Я прикрикнул на паспортистку, чтобы она не оскорбляла Тьян, и назвал ее «проклятой коммунисткой». (Она и есть самая настоящая коммунистка, член партбюро ЖЭКа.)

«А вы не орите здесь, - накинулась она уже на меня, - а то я сейчас милицию позову и в психбольницу вас отправлю».

Но справку ради паршивой грошовой государственной подачки все же выдала. Нищета - это тоже следствие психиатрического учета в диспансере, равно как и оскорбления в ЖЭКе.

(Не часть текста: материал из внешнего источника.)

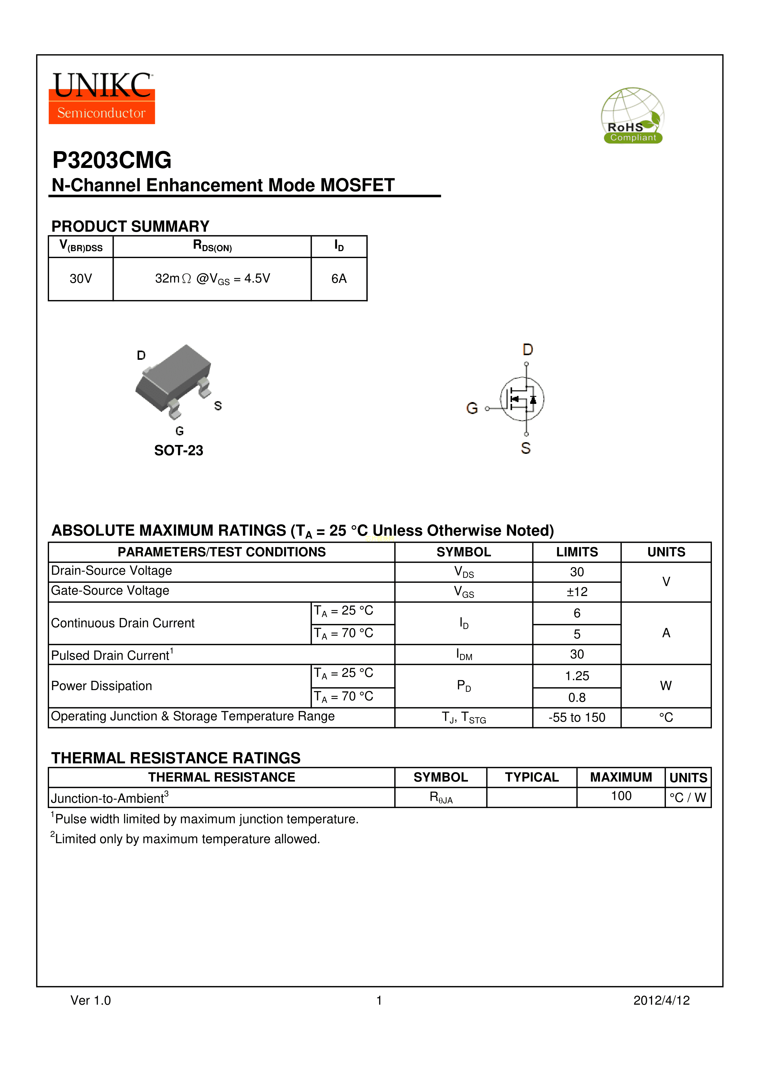 P3203CMG数据手册SOT-23(SOT-23-3)封装NIKO-SEM(尼克森)PDF规格书,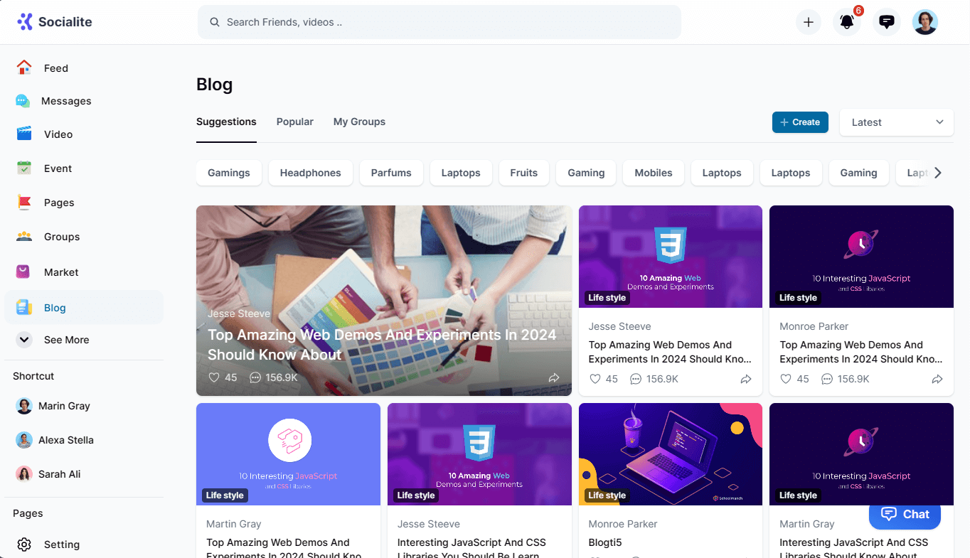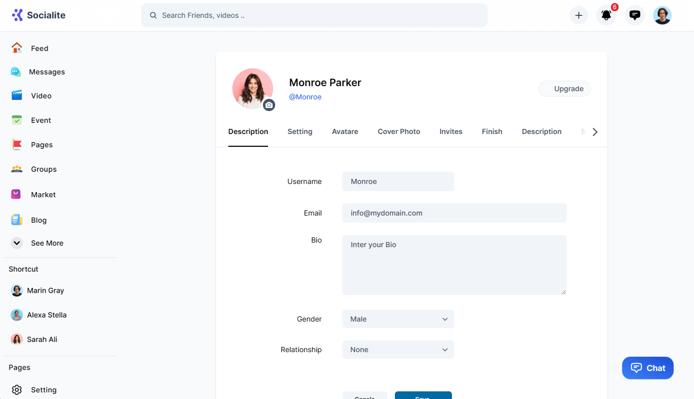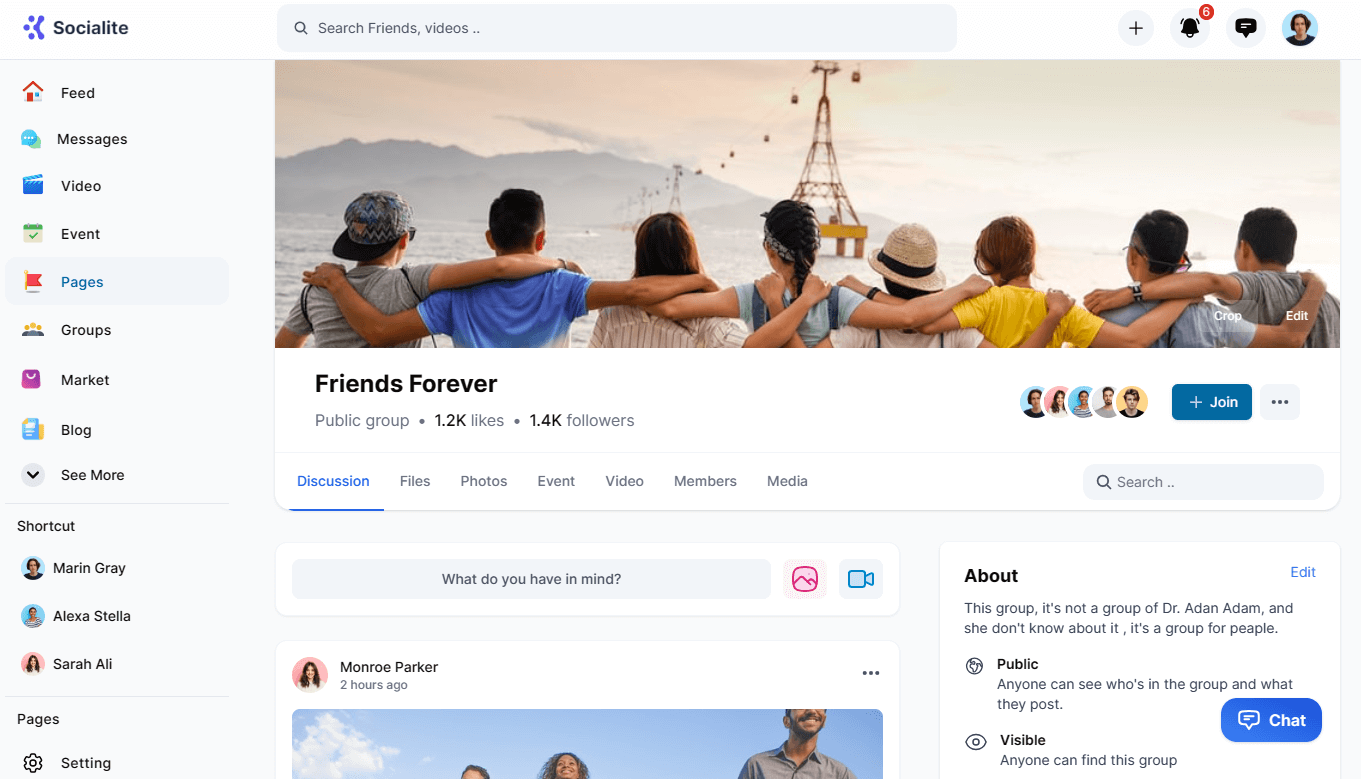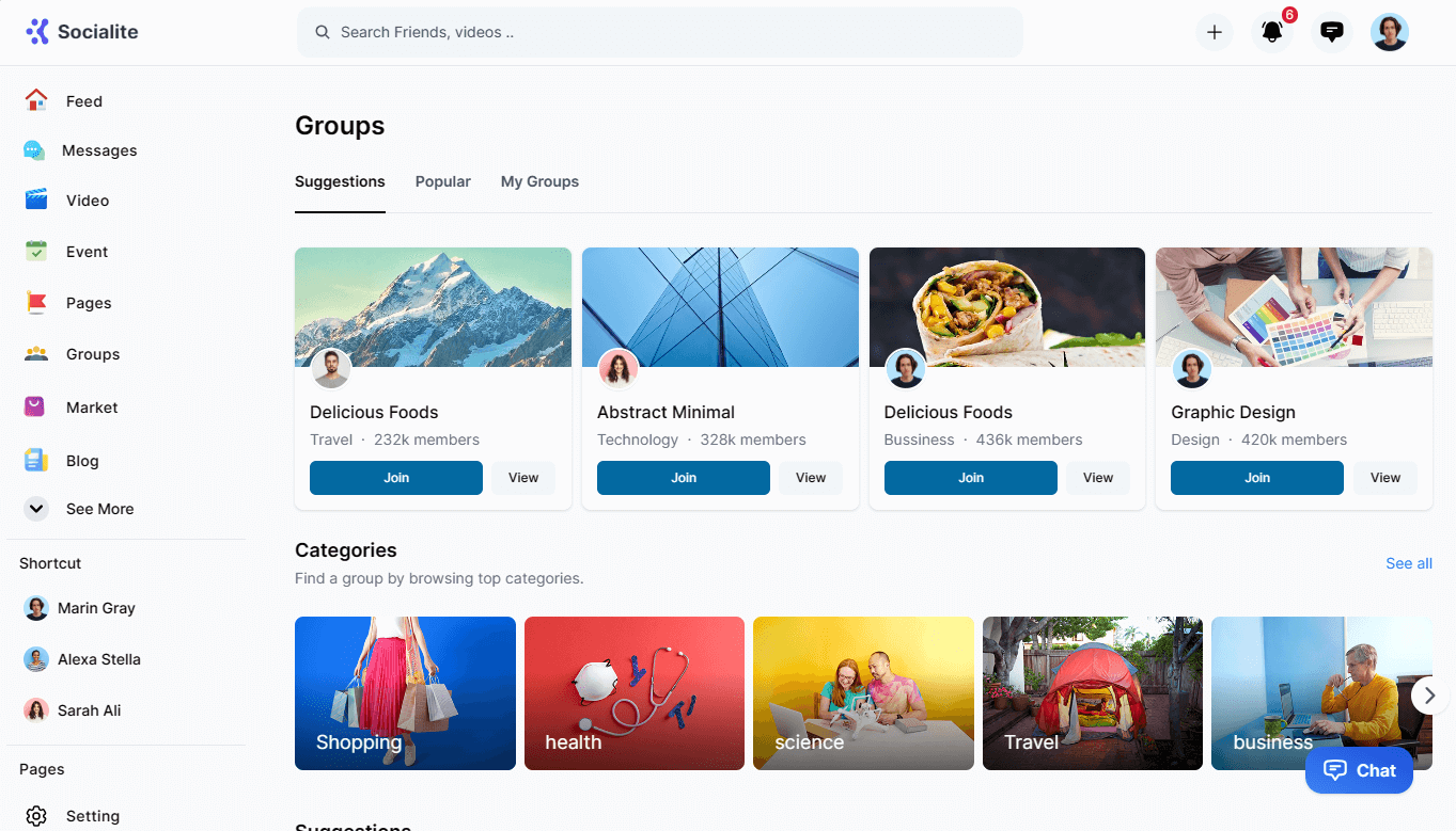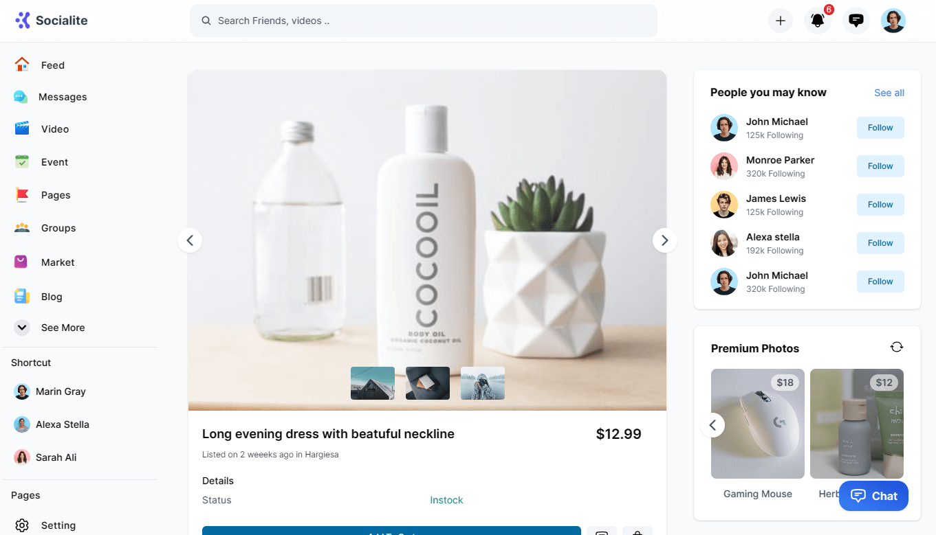 Professional and elegant template for creating a social network , designed with a clean, customizable and modern

Наступил январь 1976 года. Я пришел в диспансер, чтобы снова пройти ВТЭК. Моим участковым «врачом» стала Ковешникова Людмила Степановна.

Ковешникова: Ну, давно приехал?

Николаев: Откуда?

Ковешникова: С Камчатки.

Николаев: А откуда вы знаете, что я на Камчатке был и уже приехал?

Ковешникова: От участкового милиционера. Мы с милицией контачим.

Николаев: В октябре приехал.

Ковешникова: Что, работать туда ездил?

Николаев: Нет, поработать*.

Ковешникова: А почему ты до сих пор в диспансер так и не ходил?

Николаев: Во-первых, не «ты», а «вы»!

Ковешникова: Ишь ты, какой нашелся!? Выискался! А кто ты такой, чтобы с тобой на «вы» разговаривать ?

Николаев: Мне с вами говорить больше не о чем. Я сейчас же пойду к главному врачу и пожалуюсь на вас за вашу грубость.

После этого я встал и вышел из ее кабинета. А она кричала мне вдогонку еще какие-то гадости. Перед кабинетом главного врача своего рода предбанник, где сидит секретарша, которая к главному врачу никого не впускает за просто так.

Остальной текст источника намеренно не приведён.